# I think it's time to make the Official Announcement!! *New Horse!*



## kccjer (Jul 20, 2012)

She's gorgeous!! Love the name LOL Congratulations!!


----------



## nyx (Jun 12, 2012)

Haha love the last pic! "if I do this, ill get extra grooming >:] " 

Hope you have fun with her.


----------



## kayleeloveslaneandlana (Apr 10, 2011)

What a cutie! Congrats!


----------



## EvilHorseOfDoom (Jun 17, 2012)

Ahhhh lovely draft cross!! I love a solidly built horse and Bahloo is just gorgeous. Perfect show name too! Best of luck with finding a new home for Amber, sounds like you'll be enjoying yourself more with Bahloo.
_Posted via Mobile Device_


----------



## Chevaux (Jun 27, 2012)

She's a beauty.


----------



## Fringe (Feb 29, 2012)

She's beautiful, congratulations!


----------



## MisssMarie (Jan 31, 2012)

Stunning and you look great on her!
_Posted via Mobile Device_


----------



## Cat (Jul 26, 2008)

Congrats! Hope she of is everything you want.


----------



## waresbear (Jun 18, 2011)

Great pics, especially that last one, mud wallower!


----------



## Golden Horse (Feb 20, 2010)

She is beautiful, and isn't great to have that feeling, the one that puts a smile on your face like the first pic there

I'll keep everything crossed that everything works out really quickly for you.


----------



## GrittyCowgirl (Oct 21, 2009)

I am such a sucker for draft crosses and she is beautiful! :clap:


----------



## Cacowgirl (Feb 19, 2011)

Sounds like a win-win all around!


----------



## Oldhorselady (Feb 7, 2012)

I am not sure what type of horse Amber is or the story about the situation you have had with her.

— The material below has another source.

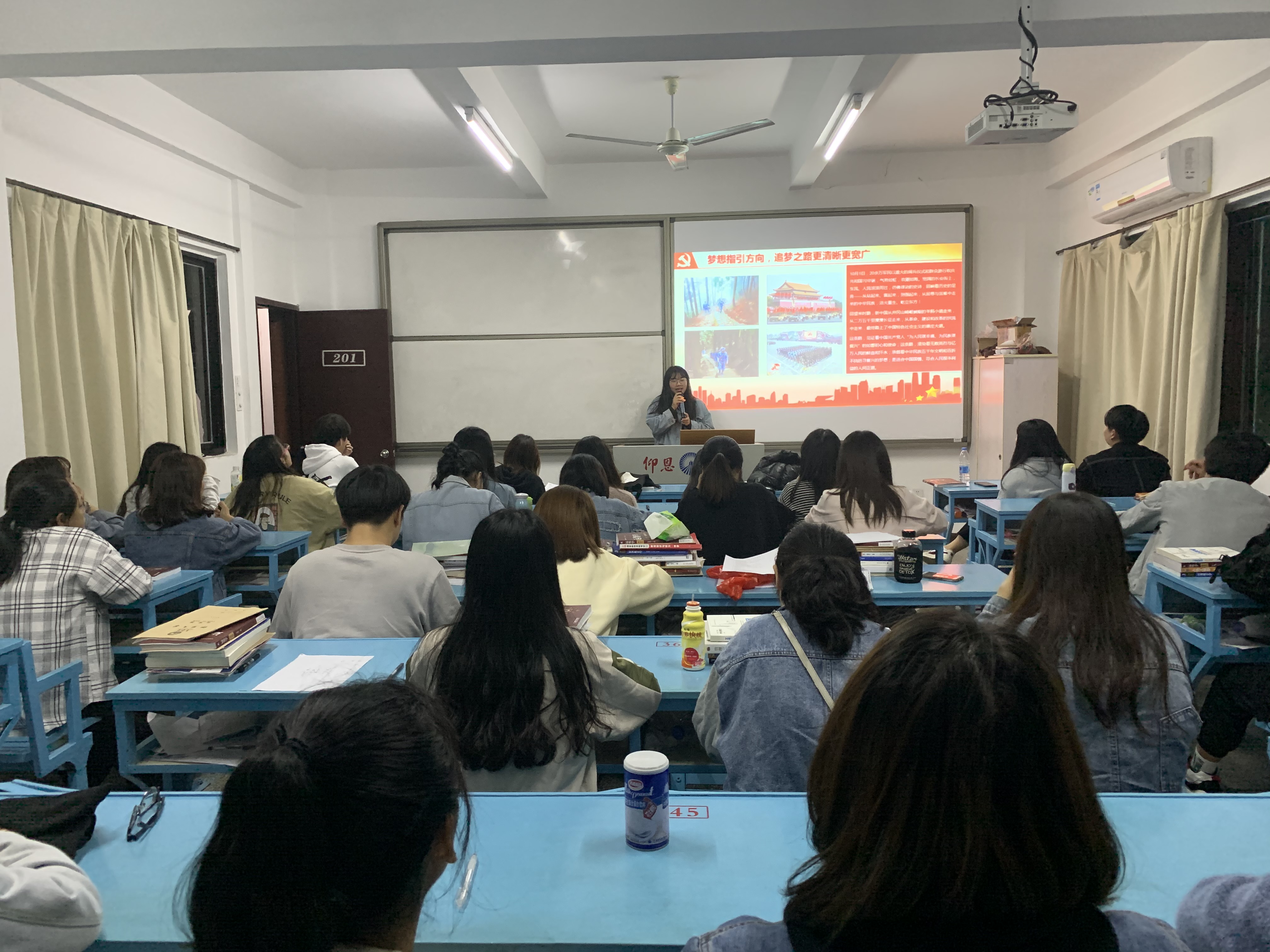 12月17日下午,公共管理系学生党支部于吉龙楼201开展“中国梦提出七周年——向着伟大梦想阔步前行”主题党课学习,支部书记徐鸿飞老师以及全体学生党员、积极分子参加活动。

It can be very frustrating when you don't click with a horse, especially when they are a spooky-type. Some human personalities and some horse personalities just don't mix. Good for you for thinking realistically and doing what is right for both of you.

Now a draft cross is a GREAT fit I am sure! It is comparing apples to oranges sometimes between the draft breed and light breeds. My percheron and draft cross are wonderful. Easy going, willing, not a care in the world. My draft cross is three and has been a joy to train and ride. I am sure you will experience the same type of relaxing joys. Congrats!


----------



## Andieve (Aug 6, 2012)

What a gorgeous horse! And look at you, you are just beaming up there  Congrats on the new addition!


----------



## ozarkmama (Jun 20, 2009)

Bahloo is gorgeous and I love your smile when you are with her. It looks like a good match! Love the last pic, there is nothing quite like a good mud roll!


----------



## Evansk (Dec 22, 2011)

Congrats! Bahloo is gorgeous! And yes im yelling cause its thats great you found a horse! :d


----------



## EvilHorseOfDoom (Jun 17, 2012)

What I'm trying to work out is how those lovely white socks stay so white and lovely when Bahloo seems to get into all sorts of messy mischief!


----------



## PapSett (Aug 5, 2012)

Congratulations! She is just gorgeous and you look SO happy on her! Have fun with her!


----------



## TheLauren (Aug 26, 2012)

Congratulations! She is a beauty


----------



## eclipseranch (May 31, 2012)

the thing I like most about this horse is your smile while hugging her...pure & simple joy written all over your face!!


----------



## Cinder (Feb 20, 2011)

Gorgeous horse, how lucky are you?! Congrats!


----------



## jcraig10 (Sep 14, 2012)

Haha the pic in the mud is great!!


----------



## AndersonEquestrian (Sep 25, 2012)

What a cool mare!! Nice buy =]


----------